These groups contend that by quietly shutting the door, the Biden administration is straining relations with a key Middle East ally, adding to a global refugee crisis, and perhaps once again leaving average Afghans with broken promises and dangerous futures.

Among those caught in a holding pattern are 1,000 Special Immigrant Visa applicants and their relatives. These are Afghans who were employed by U.S. military or civilian personnel during the 20-year war. Most of the rest are considered at-risk and eligible for humanitarian parole. They include those with ties to the former Afghan government, employees of Western NGOs, educators, and about 1,700 religious minorities. Nearly all arrived in Abu Dhabi last year aboard privately chartered aircraft after U.S. military evacuations ended August 30, 2021.

The religious minorities are mainly Christians and some Hazara Muslims. Many of them faced death threats in Afghanistan and—since escaping—ongoing harassment from other Afghans inside Humanitarian City. 

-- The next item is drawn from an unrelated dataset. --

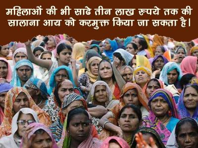 महिलाओं की भी साढे तीन लाख रुपये तक की सालाना आय को करमुक्त किया जा सकता है।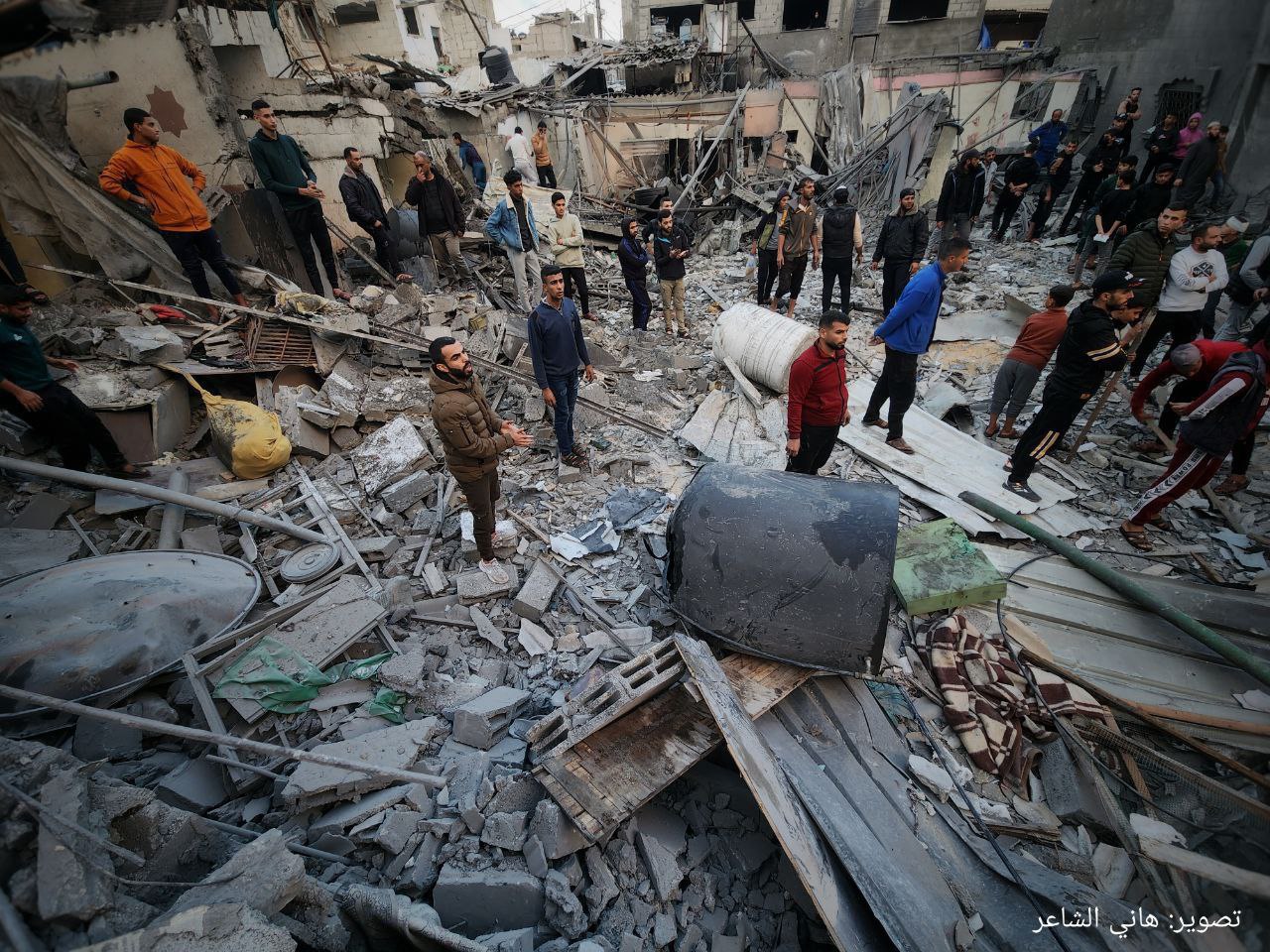 Foto che documentano la massiccia distruzione provocata dagli attacchi aerei israeliani su Rafah, a sud della Striscia di Gaza, questa mattina.

*“This is a small group, but they are among the most vulnerable we’ve worked with,” said Joseph Robert III, a U.S. reconnaissance Marine veteran of Iraq who heads an evacuation group still working at Humanitarian City. 

Robert, 42, launched the Black Feather Foundation as a nonprofit to facilitate private evacuations last year after working alongside U.S. military personnel during August evacuations in Kabul. When the military operation ended, he helped to coordinate private charter flights for tens of thousands of at-risk Afghans the U.S. had left behind. 

The United States relocated 123,000 Afghans in its two-week operation last August, according to Secretary of State Antony Blinken. But the massive airlift collected Afghans who made it inside the Kabul airport, not necessarily the most vulnerable. The humanitarian organization International Rescue Committee estimates 300,000 Afghan civilians were connected to U.S. military and civil projects during the 20-year war. For many, life after the U.S. departure made it clear they had to leave.

As the United States stopped taking evacuees at its military base in Qatar, Robert helped to negotiate landing rights and temporary shelter in Abu Dhabi. Through September and October, the coalition of evacuation groups—led by nonprofits Mercury One, Shai Fund, Black Feather, and Task Force Argo—airlifted about 9,500 vulnerable Afghans to Humanitarian City, plus others to lilypad countries where they could await processing for resettlement. 

Mercury One, an aid group started by conservative media personality Glenn Beck, raised nearly $30 million through Beck’s Nazarene Fund to underwrite the charters. The group continues to provide assistance for Afghan families in Abu Dhabi and inside Afghanistan.

Overall Mercury One moved 12,000 evacuees aboard dozens of flights that included a mix of at-risk minorities along with SIV cases and others. The group flew to safety the Afghanistan national girls soccer team and a planeload organized by Speaker of the House Nancy Pelosi.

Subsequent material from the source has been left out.